Think about causation vs. association
Once you know whether this is an experiment or an observational study, decide if it is appropriate to make a causal claim (that one thing causes another) or only a correlational claim (they are just related).
Consider who the results can represent
The students in the study were volunteers from one university doing a single 50‑minute session. Ask: Is it safe to extend the conclusion to all students at that university, or even all college students?
Match scope and strength of claim
Eliminate choices that either (a) go beyond the specific group and setting of the study, or (b) refuse to make a causal statement even though the design allows it.
Step-by-step Explanation
Identify the type of study
Read how the study was done: 60 students volunteered, and then the researcher randomly assigns 30 to standing desks and 30 to seated desks. Random assignment of subjects to treatments makes this a randomized experiment, not just an observational study.

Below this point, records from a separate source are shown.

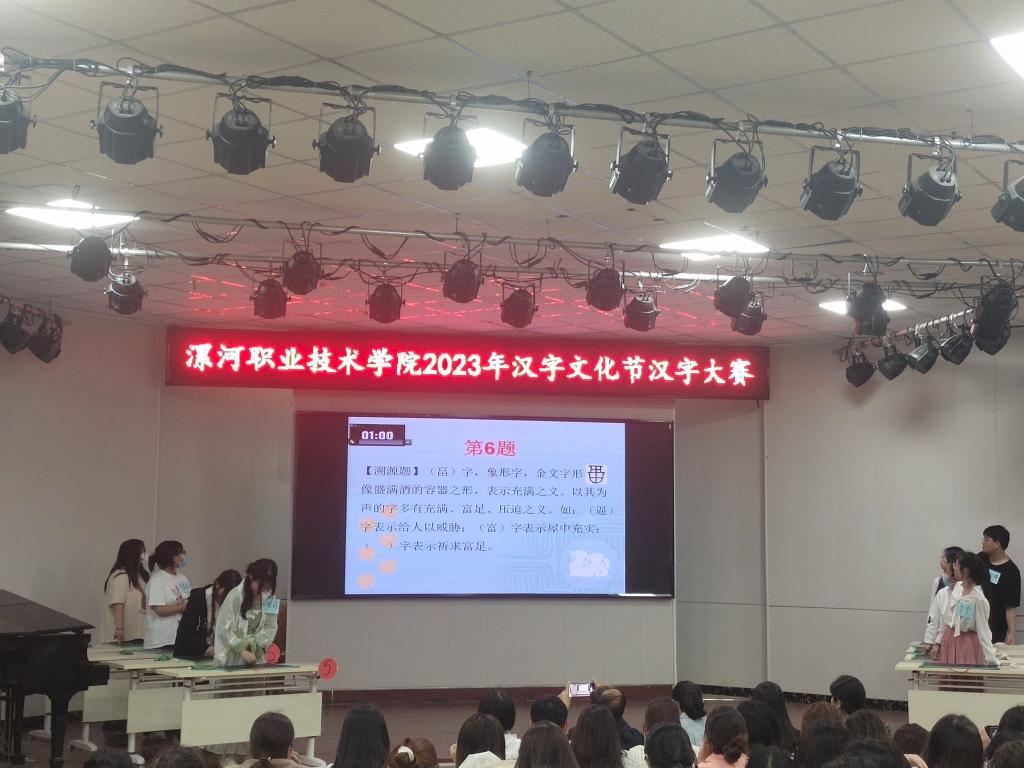 雨生百谷、润物无声,4月20日谷雨,按照太阳成tyc7111cc2023年汉字文化节活动方案,许慎文化学院联合教务处在音乐系小礼堂成功举办了汉字大赛决赛。许慎文化学院院长张彦鸽、公共英语教研室主任李瑞玲出席了此次大赛,许慎文化学院170多名师生现场观赛;大赛评委由语文教育教研室孙晓芳、王智丹和赵鑫彦三位教师担任。
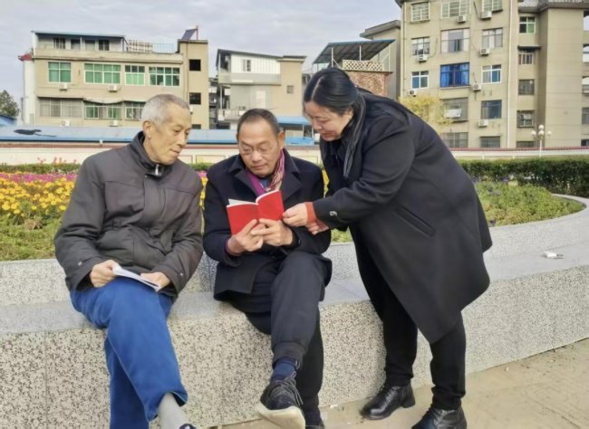 (圖為浠水煙草志愿者在公園向老年人普法)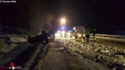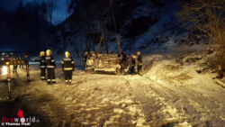 THÖRL (STMK): In den Morgenstunden des 20. Jänner 2018 wurden die Freiwilligen Feuerwehren Thörl und Kapfenberg-Stadt zu einem Verkehrsunfall auf der Mariazellerbundesstraße in Thörl alarmiert. Auf der schneeglatten Fahrbahn kam ein PKW von der Straße ab und überschlug sich anschließend.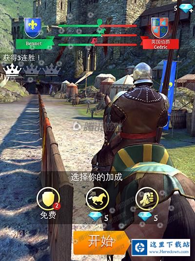 在每一场骑士对决中,胜负取决于对战双方的铠甲值、速度值、攻击值。铠甲值主要通过购买和升级装备来提升,速度值则由马匹的素质和冲锋时的QTE结果决定,攻击值除了看长矛的杀伤力外,还受玩家戳刺目标的准确程度影响。游戏就像田忌赛马一样,三大数值中两条占优者获胜。除了上面说的装备和主动操作影响外,玩家也可以在赛前购买属性加成,当然这个就属于付费服务了。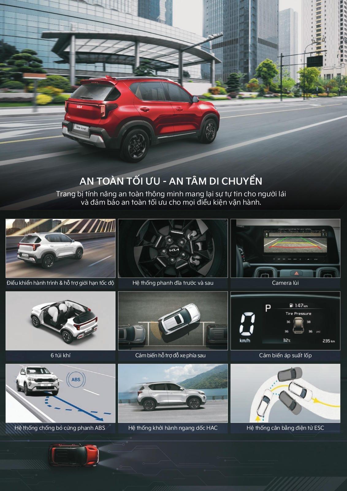 Kia Sonet 2024 không có nâng cấp tính năng an toàn nào mới so với những gì đã hiện diện trên bản tiền nhiệm. Cảm biến lùi, camera lùi, cân bằng điện tử, hỗ trợ khởi hành ngang dốc là trang bị tiêu chuẩn.
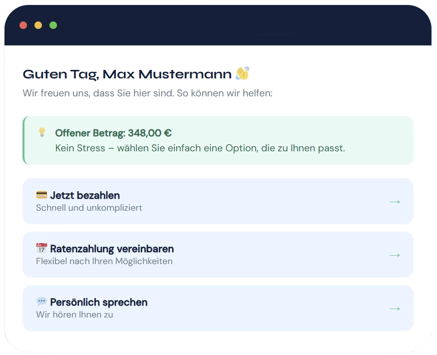 Eine offene Forderung bedeutet nicht das Ende einer guten Kundenbeziehung. Melden Sie sich einfach bei uns – wir finden gemeinsam eine Lösung, die zu Ihrer Situation passt.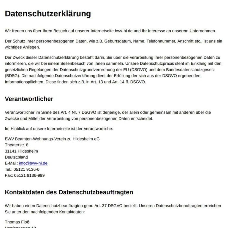 Datenschutzerklärung zur Nutzung der Webseite – Stand 06/2021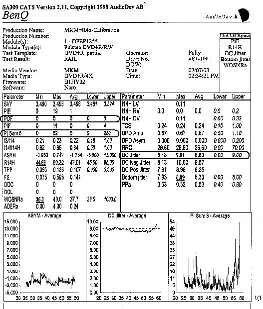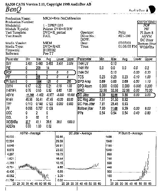 采用WOPC技术后,DVD的刻录品质会有提高吗?我们使用MKM DVD+R盘片进行4×实际写入测试,采用WOPC技术的前后对比结果请见下表。
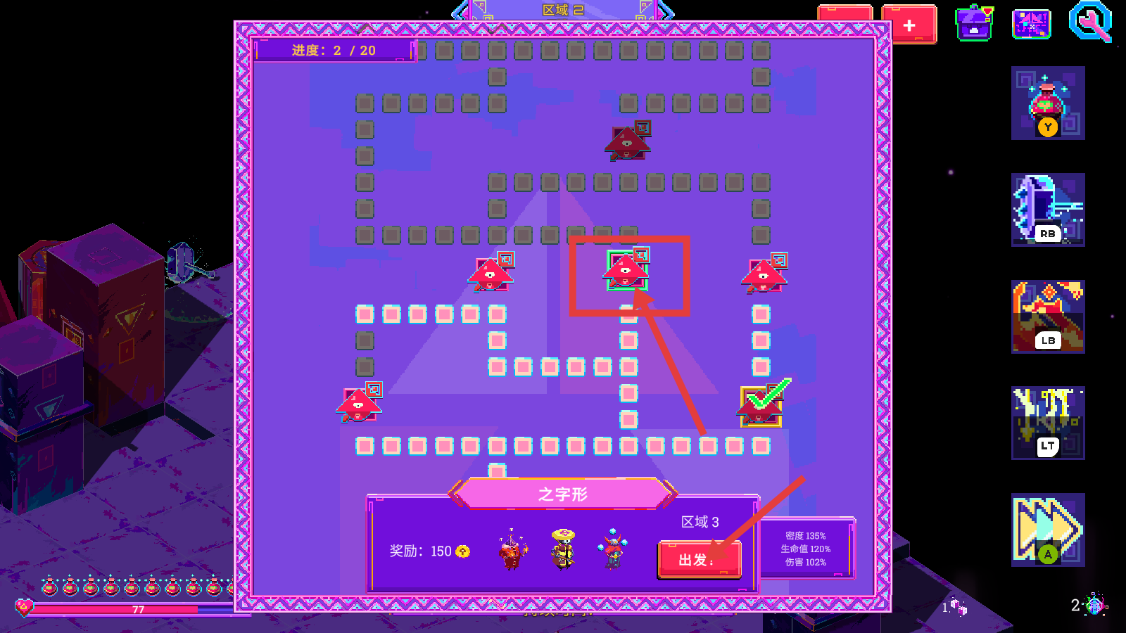 1、关注【进度-2/20】,点击【之字形-区域3】的【出发:】,进入区域探索,应对红色三角敌人。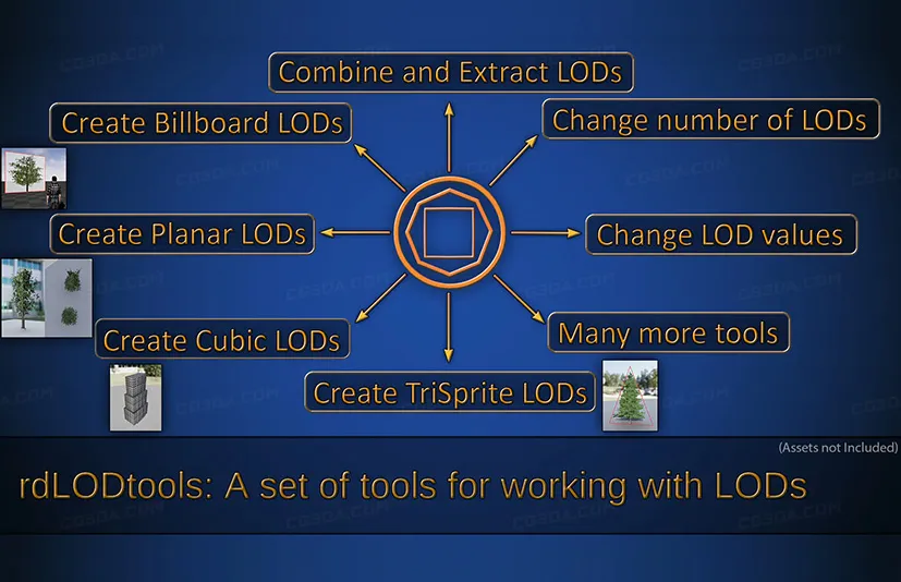 在网格上运行 rdLODtools 可以大大加快渲染速度。这些 LOD 可以填充您的城市建筑、电线杆/灯杆、树木和植物,同时还可以降低您的帧速率。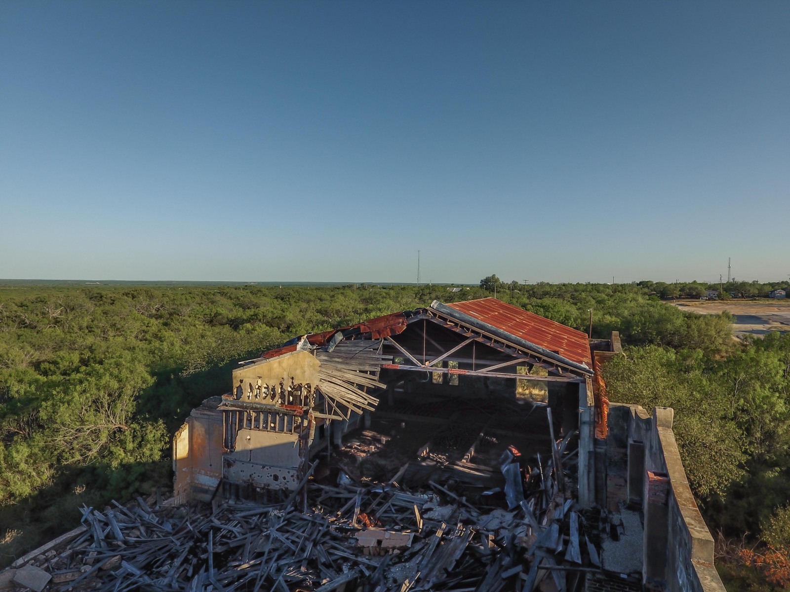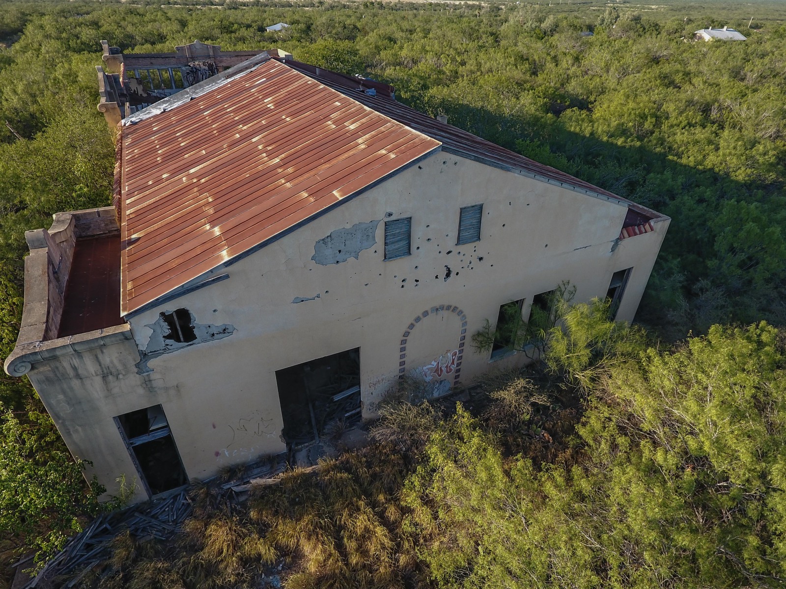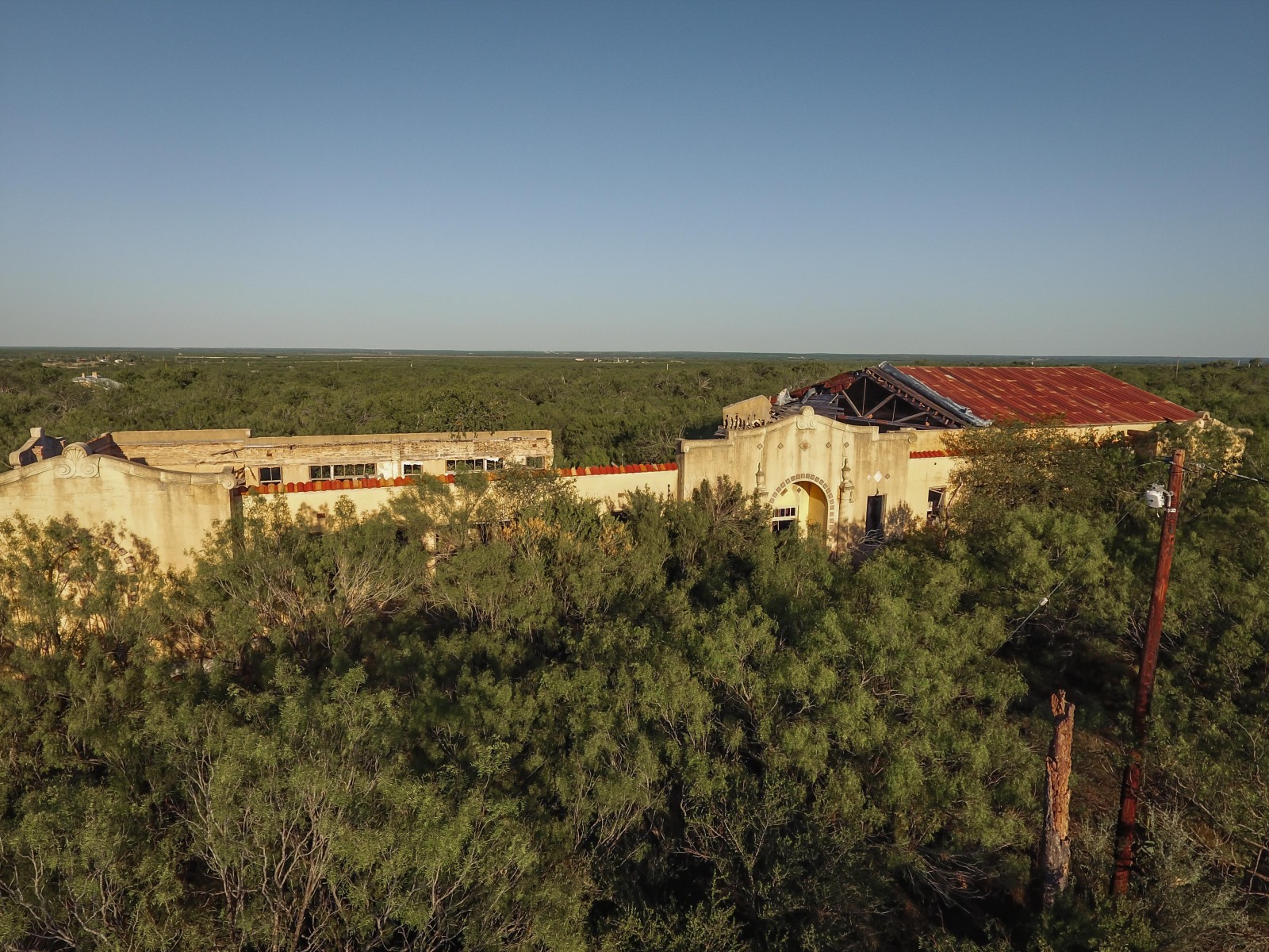 Catarina is still a ranching community with a gas station and about 80 residents. One of the longest standing remains of its boom was the hotel, which was vacant for several years, reopened a few times, and burned down after being struck by lightening in 2020. The old high school is decaying inside a fortress of thick trees.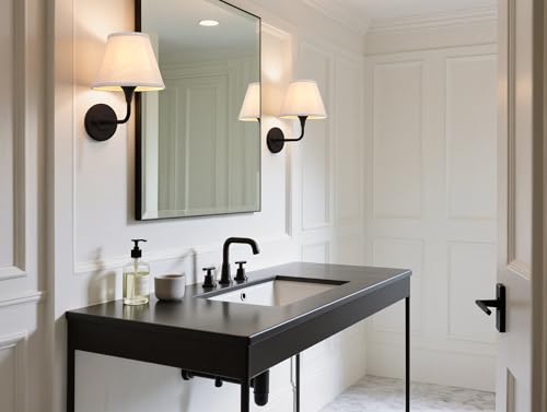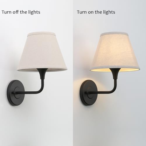 Rustic vintage single wall sconces with matte black metal pole and white cloth shades soften the light and create a cozy and warm atmosphere in any space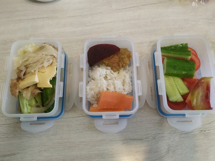 -Еда раз в 3 часа(за 5 минут до еды пить стакан холодной воды), в перерывах между приемами пищи пить кофе/зеленый чай (совсем без сахара я пить не могу, всякие сахарозаменители и подсластители тоже не понравились, поэтому ложу 1 чайную ложку сахара на кружку, это примерно 20-30 Ккал + помогает не есть сладости)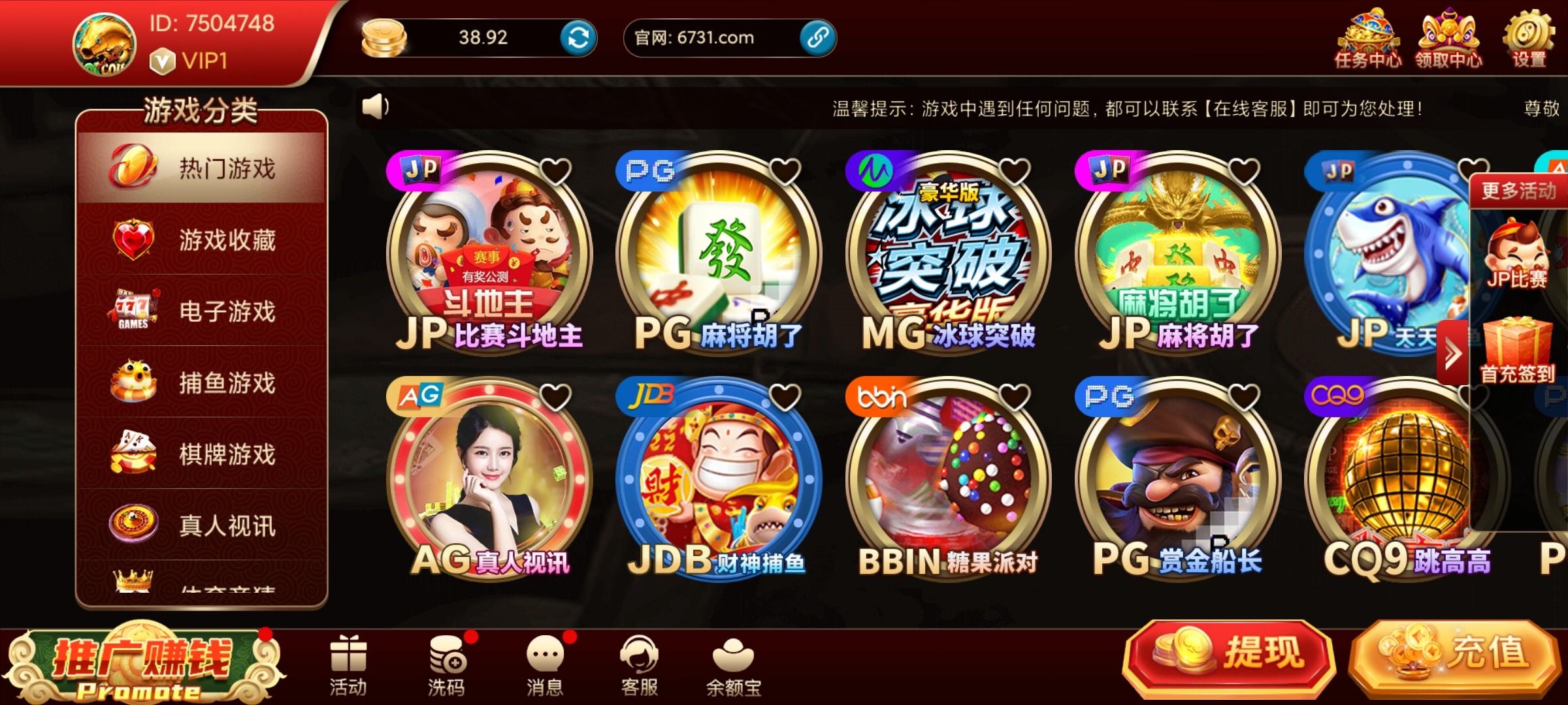 注册直接送38,还没提现不知道到不到账(严禁充值)

Decide if causation is allowed
In a randomized experiment, random assignment tends to balance other factors (like prior concentration ability, sleep, etc.) between groups. That means a difference in average test scores between groups can reasonably be attributed to the treatment (standing vs. sitting) for the people in the experiment. So a causal conclusion is allowed within this study.
Decide how far we can generalize
Notice that the participants are volunteers, not a random sample of all students at the university or of all college students. Also, the test is after one 50‑minute study session, not over many sessions or semesters. This limits how far we can generalize: we should not claim results for all university students or all college students, only for the volunteers under these specific conditions.
Match the strongest justified conclusion to an answer choice
We need the choice that (1) allows causation and (2) keeps the claim restricted to the volunteers in this study and this particular session. That is exactly what "Using a standing desk causes the volunteers in this study to concentrate better during the particular session." states, so this is the most supported conclusion.